## RECORD EXCERPTS
»»
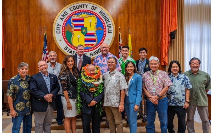
Celebrating Councilmember Calvin Say's retirement with an Honorary Certificate ceremony on Dec. 11, 2024.

The legislation to mandate moped insurance and helmet use aims to protect riders and reduce the risk of severe injuries. By requiring insurance, we can provide financial protection for all parties involved in accidents. Enforcing helmet safety will significantly decrease the likelihood of life-threatening head injuries.
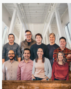
Week 2: July 10, 2026 Emmanuel Song Collective
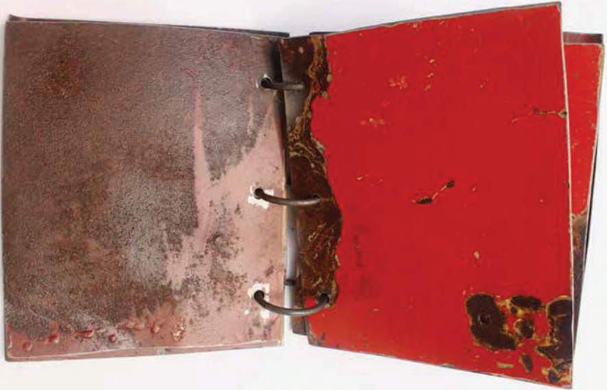
Veronica Vides - El Salvador
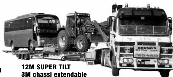
12M SUPER TILT 3M chassi extendable

Modanville 2480 brunozebellei@bigpond.com.au
««
## WHAT YOU WILL DO
Your copy must reproduce the entries above in full, without their pictures.

## WRITTEN SOLUTION
Celebrating Councilmember Calvin Say's retirement with an Honorary Certificate ceremony on Dec. 11, 2024.

The legislation to mandate moped insurance and helmet use aims to protect riders and reduce the risk of severe injuries. By requiring insurance, we can provide financial protection for all parties involved in accidents. Enforcing helmet safety will significantly decrease the likelihood of life-threatening head injuries.
Week 2: July 10, 2026 Emmanuel Song Collective
Veronica Vides - El Salvador
12M SUPER TILT 3M chassi extendable

Modanville 2480 brunozebellei@bigpond.com.au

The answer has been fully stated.